● What the task asks
A faithful, complete copy of the records is required.

● Exercise material
◇ ◇ ◇ ◇ ◇ ◇ ◇

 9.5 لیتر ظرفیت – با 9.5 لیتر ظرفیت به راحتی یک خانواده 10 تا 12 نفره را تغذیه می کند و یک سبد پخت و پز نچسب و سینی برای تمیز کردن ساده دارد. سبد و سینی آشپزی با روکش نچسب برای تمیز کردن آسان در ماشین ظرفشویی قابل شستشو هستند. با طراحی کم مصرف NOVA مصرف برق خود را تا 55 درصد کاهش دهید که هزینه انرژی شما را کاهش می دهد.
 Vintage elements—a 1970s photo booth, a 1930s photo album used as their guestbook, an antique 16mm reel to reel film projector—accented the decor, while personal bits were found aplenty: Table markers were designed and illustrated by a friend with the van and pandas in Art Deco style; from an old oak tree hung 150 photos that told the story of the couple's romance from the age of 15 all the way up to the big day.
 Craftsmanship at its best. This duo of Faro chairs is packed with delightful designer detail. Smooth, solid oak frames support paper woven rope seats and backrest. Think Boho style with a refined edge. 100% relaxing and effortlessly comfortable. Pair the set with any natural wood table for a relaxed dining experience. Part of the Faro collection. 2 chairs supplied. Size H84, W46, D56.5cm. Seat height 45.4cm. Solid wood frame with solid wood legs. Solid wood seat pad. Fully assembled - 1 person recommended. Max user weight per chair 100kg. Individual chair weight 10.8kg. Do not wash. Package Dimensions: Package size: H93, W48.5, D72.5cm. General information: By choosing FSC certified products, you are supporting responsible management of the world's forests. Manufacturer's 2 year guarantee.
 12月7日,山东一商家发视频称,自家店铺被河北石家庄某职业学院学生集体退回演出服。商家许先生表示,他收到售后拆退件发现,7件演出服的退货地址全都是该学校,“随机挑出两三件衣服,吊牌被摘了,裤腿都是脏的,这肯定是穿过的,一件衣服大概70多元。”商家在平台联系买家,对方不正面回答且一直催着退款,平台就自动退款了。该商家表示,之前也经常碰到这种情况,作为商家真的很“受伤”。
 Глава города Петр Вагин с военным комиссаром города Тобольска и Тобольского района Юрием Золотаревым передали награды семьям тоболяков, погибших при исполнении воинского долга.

◇ ◇ ◇ ◇ ◇ ◇ ◇

● Reply
 9.5 لیتر ظرفیت – با 9.5 لیتر ظرفیت به راحتی یک خانواده 10 تا 12 نفره را تغذیه می کند و یک سبد پخت و پز نچسب و سینی برای تمیز کردن ساده دارد. سبد و سینی آشپزی با روکش نچسب برای تمیز کردن آسان در ماشین ظرفشویی قابل شستشو هستند. با طراحی کم مصرف NOVA مصرف برق خود را تا 55 درصد کاهش دهید که هزینه انرژی شما را کاهش می دهد.
 Vintage elements—a 1970s photo booth, a 1930s photo album used as their guestbook, an antique 16mm reel to reel film projector—accented the decor, while personal bits were found aplenty: Table markers were designed and illustrated by a friend with the van and pandas in Art Deco style; from an old oak tree hung 150 photos that told the story of the couple's romance from the age of 15 all the way up to the big day.
 Craftsmanship at its best. This duo of Faro chairs is packed with delightful designer detail. Smooth, solid oak frames support paper woven rope seats and backrest. Think Boho style with a refined edge. 100% relaxing and effortlessly comfortable. Pair the set with any natural wood table for a relaxed dining experience. Part of the Faro collection. 2 chairs supplied. Size H84, W46, D56.5cm. Seat height 45.4cm. Solid wood frame with solid wood legs. Solid wood seat pad. Fully assembled - 1 person recommended. Max user weight per chair 100kg. Individual chair weight 10.8kg. Do not wash. Package Dimensions: Package size: H93, W48.5, D72.5cm. General information: By choosing FSC certified products, you are supporting responsible management of the world's forests. Manufacturer's 2 year guarantee.
 12月7日,山东一商家发视频称,自家店铺被河北石家庄某职业学院学生集体退回演出服。商家许先生表示,他收到售后拆退件发现,7件演出服的退货地址全都是该学校,“随机挑出两三件衣服,吊牌被摘了,裤腿都是脏的,这肯定是穿过的,一件衣服大概70多元。”商家在平台联系买家,对方不正面回答且一直催着退款,平台就自动退款了。该商家表示,之前也经常碰到这种情况,作为商家真的很“受伤”。
 Глава города Петр Вагин с военным комиссаром города Тобольска и Тобольского района Юрием Золотаревым передали награды семьям тоболяков, погибших при исполнении воинского долга.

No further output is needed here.